**Exercise directions:**
Please begin with the line containing "Nosso espetacular creme" and reproduce each line exactly until the records below end, without any pictures.

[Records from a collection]
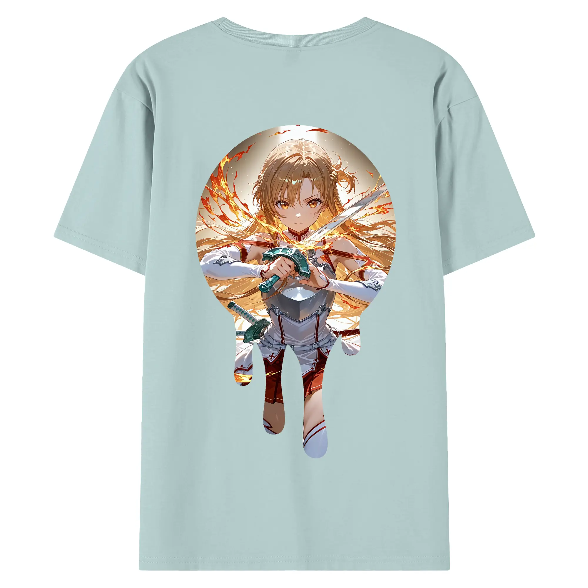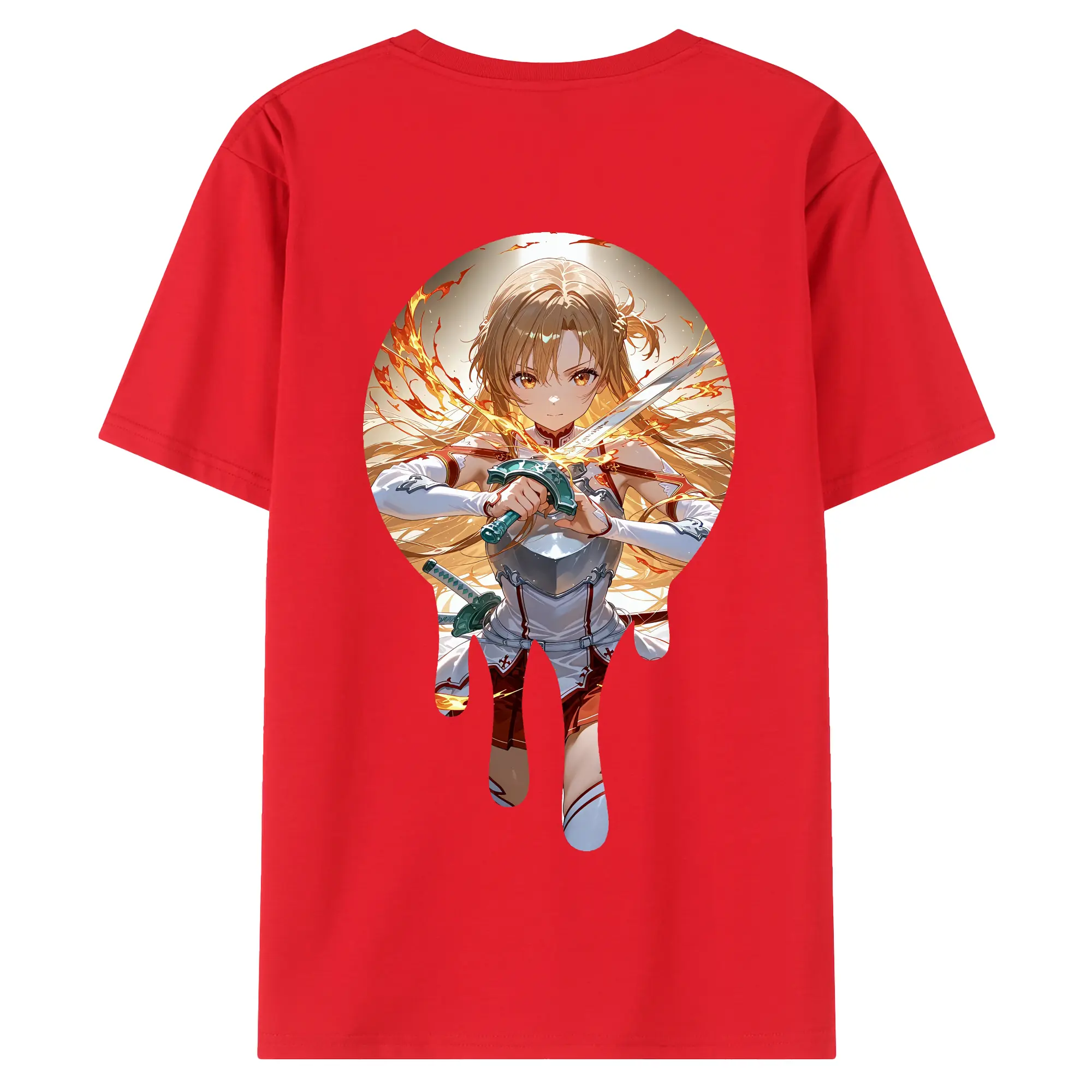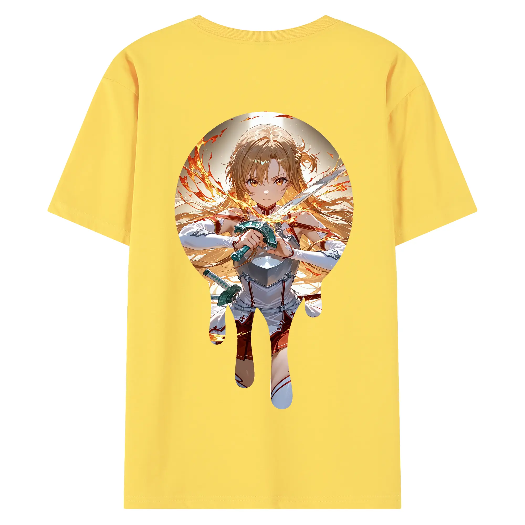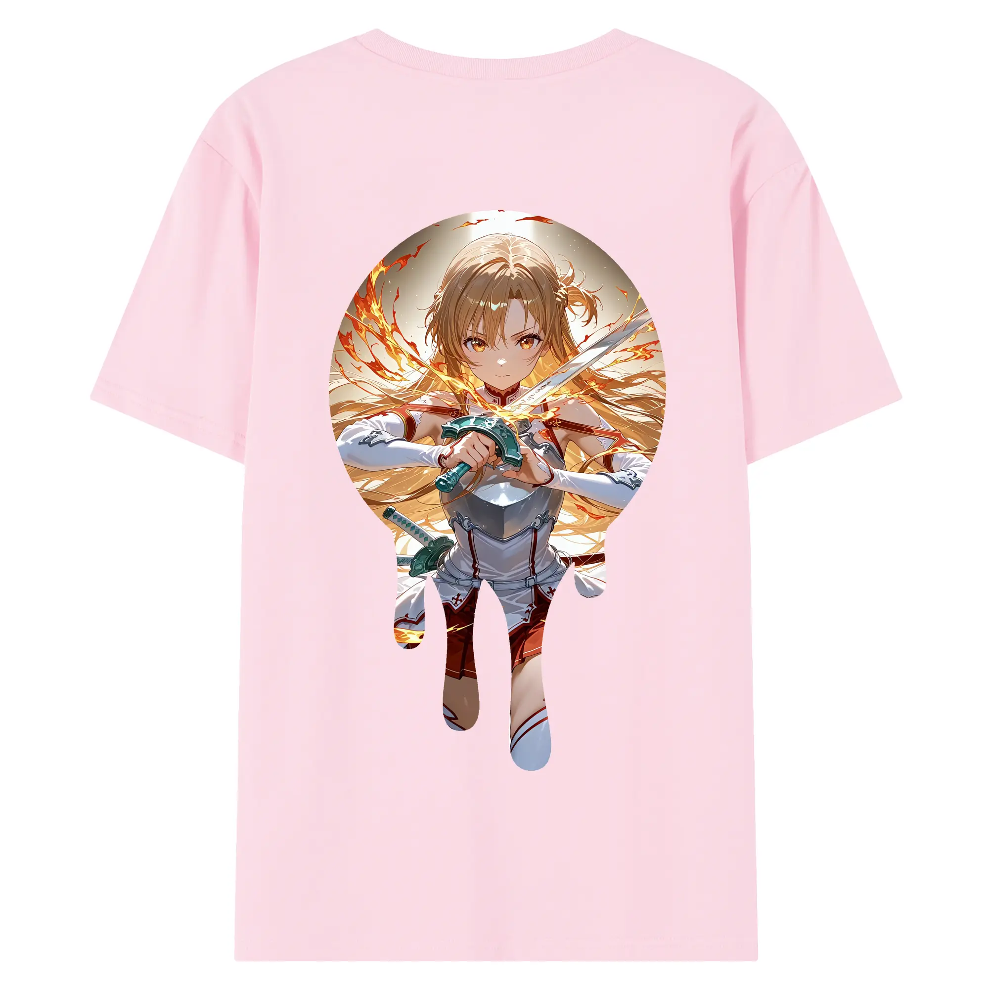 ソードアートオンライン グッズ アスナ - 綿100% 半袖Tシャツ ・ フロントプリント ・ 快適 通気性 ・ 日常使い 散歩 スポーツ用
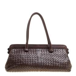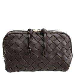 Bottega Veneta Dark Brown Intrecciato Woven Leather Frame Pochette
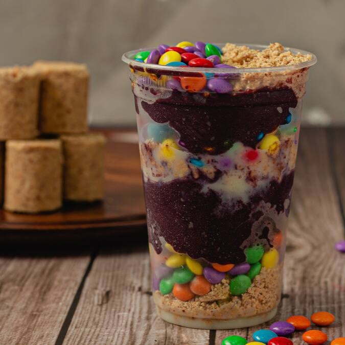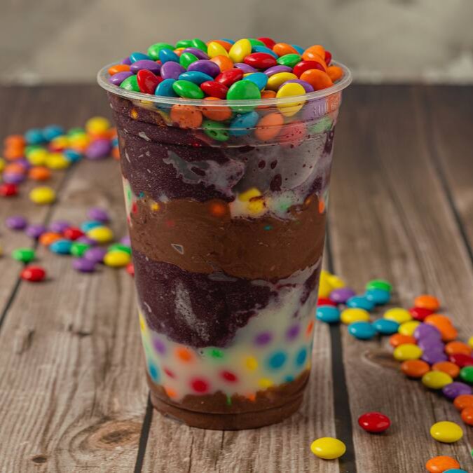 Nosso espetacular creme de açaí recheado com uma combinação perfeita de leite condensado, creme de avelã e confetes.
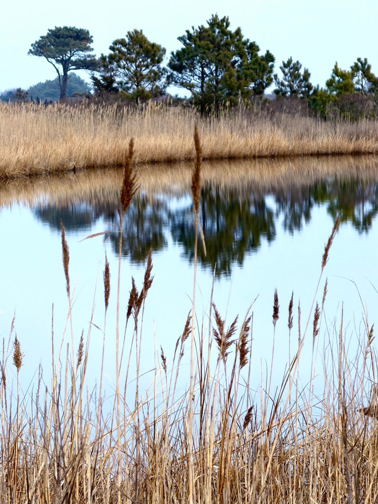 One of the high points of each reunion is going with John, an avid bird watcher, to Gordon’s Pond, a bird sanctuary where flocks of snow geese and other birds stop during their migrations north or south. This year the bond was still with the only birds being a few black ducks far in the distance. But the walk was beautiful. I was as interested in the patterns the dried grasses made as in birds so had a good time photographing the scenery. We did see one line of snow geese far above us as they headed to parts unknown.
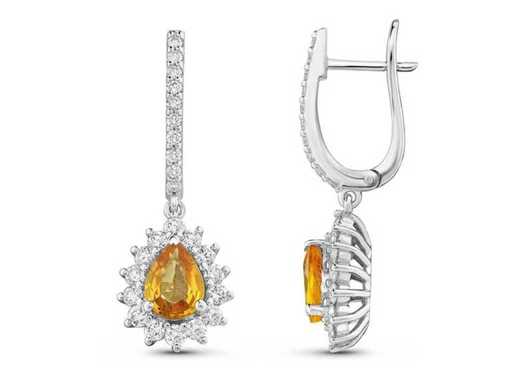 Luxury AAAA Natural Vivid Yellow Sapphire Earring 2.51 carats in 18k white gold 4.98 grams, with 2 high-quality natural Vivid Yellow Sapphire 1.59 carats in pear shapes and 48 natural round brilliant-cut diamonds 0.92 carats. Certified by DIA Suisse. For more information, see certificate. The actual jewel is more beautiful than its photos. Retailer's estimated price: € 13'850 - New jewel.
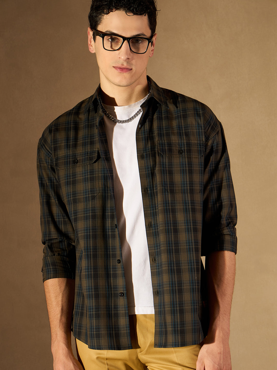 Olive green tartan checked opaque casual shirt ,has a spread collar, button placket, 2 flap pocket, long regular sleeves, curved hem
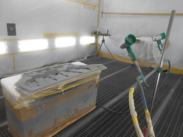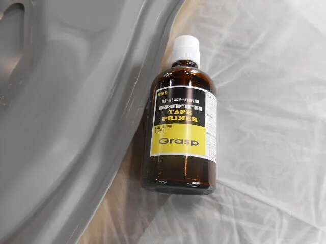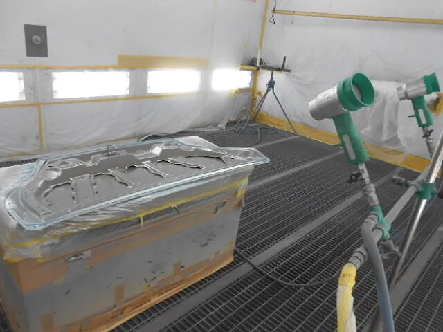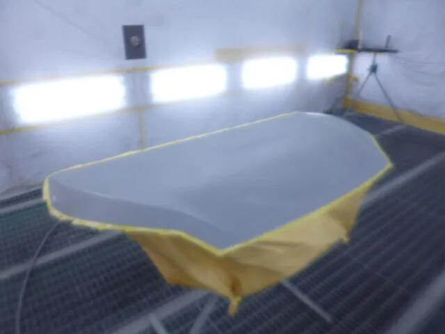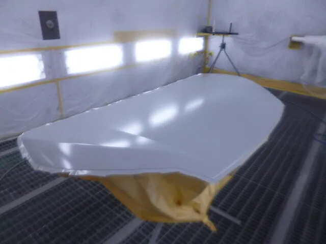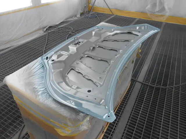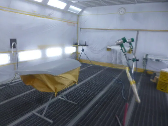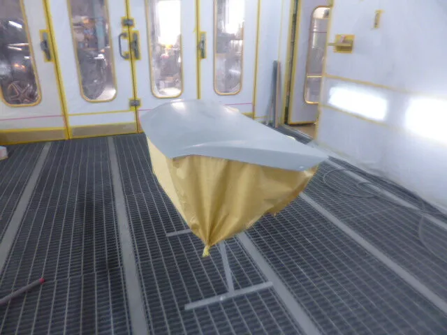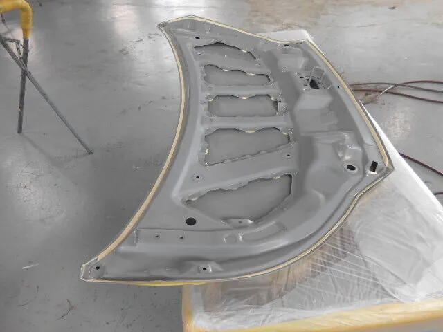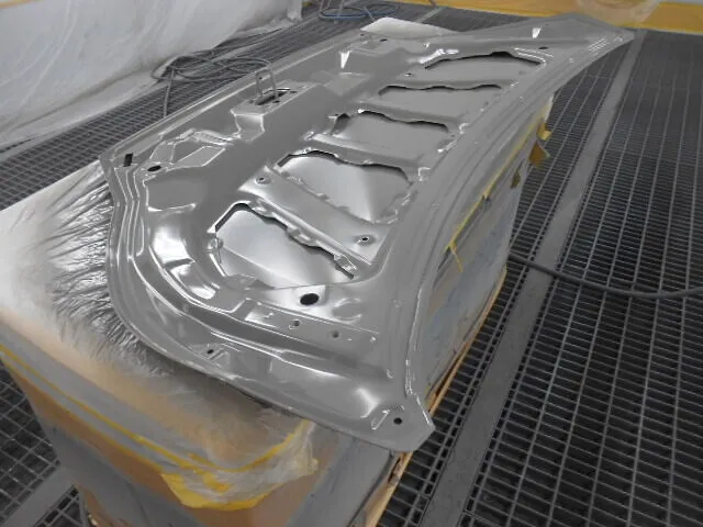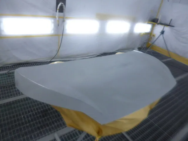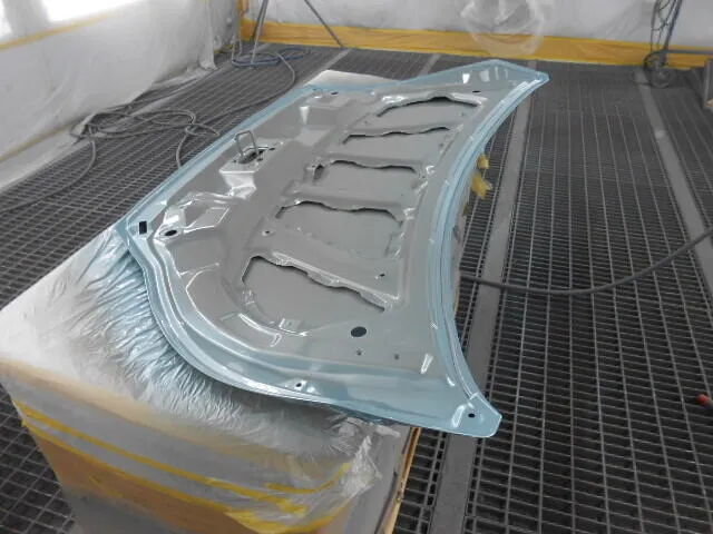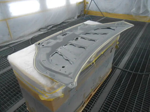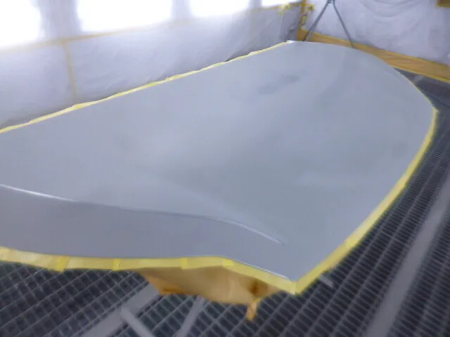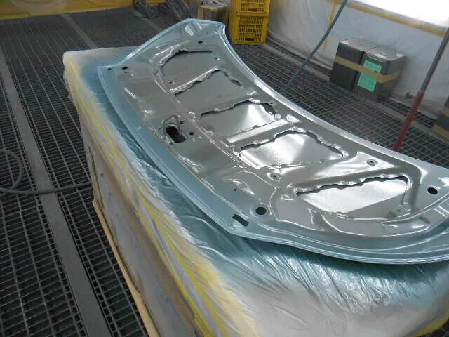 工場の一角で、丁寧にマスキングされたフードが静かに仕上がりを待っています。

**Final answer:**
 Nosso espetacular creme de açaí recheado com uma combinação perfeita de leite condensado, creme de avelã e confetes.
 One of the high points of each reunion is going with John, an avid bird watcher, to Gordon’s Pond, a bird sanctuary where flocks of snow geese and other birds stop during their migrations north or south. This year the bond was still with the only birds being a few black ducks far in the distance. But the walk was beautiful. I was as interested in the patterns the dried grasses made as in birds so had a good time photographing the scenery. We did see one line of snow geese far above us as they headed to parts unknown.
 Luxury AAAA Natural Vivid Yellow Sapphire Earring 2.51 carats in 18k white gold 4.98 grams, with 2 high-quality natural Vivid Yellow Sapphire 1.59 carats in pear shapes and 48 natural round brilliant-cut diamonds 0.92 carats. Certified by DIA Suisse. For more information, see certificate. The actual jewel is more beautiful than its photos. Retailer's estimated price: € 13'850 - New jewel.
 Olive green tartan checked opaque casual shirt ,has a spread collar, button placket, 2 flap pocket, long regular sleeves, curved hem
 工場の一角で、丁寧にマスキングされたフードが静かに仕上がりを待っています。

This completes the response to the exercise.